Parte il 16 gennaio l’Area C, la congestion charge voluta da Giuliano Pisapia che sostituirà l’Ecopass di Letizia Moratti. Da lunedì prossimo, tutti i veicoli a diesel o a benzina dovranno pagare per l’ingresso in centro, mentre i veicoli elettrici, le moto e i motorini saranno esentati e le auto a metano e a Gpl beneficeranno di una deroga fino al 31 dicembre 2012. I residenti all’interno dell’Area C dovranno a loro volta pagare, ma avranno delle agevolazioni. Il Pdl ha lanciato una petizione per indire un referendum contro la congestion charge di Pisapia. Ilsussidiario.net ha intervistato Federico Illuzzi, consigliere di zona 9 eletto nel Pdl, nonché colui che ha scritto il quesito e la relazione per la petizione.
Perché il Pdl, che ha approvato l’Ecopass della Moratti, si oppone alla congestion charge di Pisapia?

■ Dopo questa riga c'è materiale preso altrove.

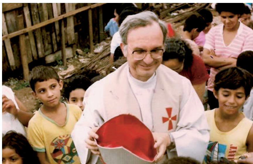
Dom Luciano de Almeida, falecido em 2006

te número de meninos de rua que se proliferavam não só na Praça da Sé, em São Paulo, mas pelas grandes cidades do país, procurou os educadores do Projeto Pedagogia de Rua para troca de experiências.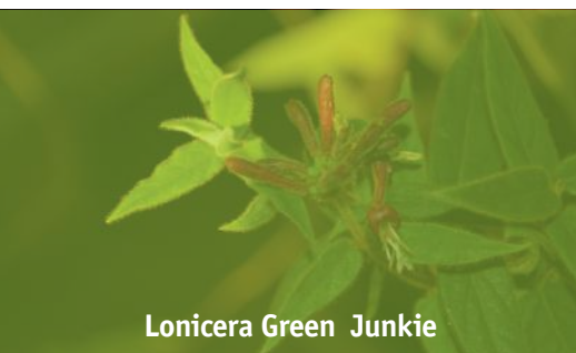
Lonicera Green Junkie

L’intento dell’Ecopass era quello di istituire una pollution charge, e non una congestion charge: prevedeva cioè una differenza di trattamento tra chi inquinava di più e di meno. Il principio era chiaro: chi più inquina, più paga. Con l’Area C invece pagano tutti e alla difesa dell’ambiente si sostituisce un intento vessatorio. Io sono comunque dell’avviso, ma questa è la mia considerazione personale, che anche l’Ecopass abbia fallito, come era già avvenuto con la congestion charge a Londra. I risultati nella lotta all’inquinamento sotto la giunta Moratti non sono stati buoni come ci si aspettava. Un politico deve quindi avere la responsabilità di riconoscerlo e di cercare di individuare delle nuove misure.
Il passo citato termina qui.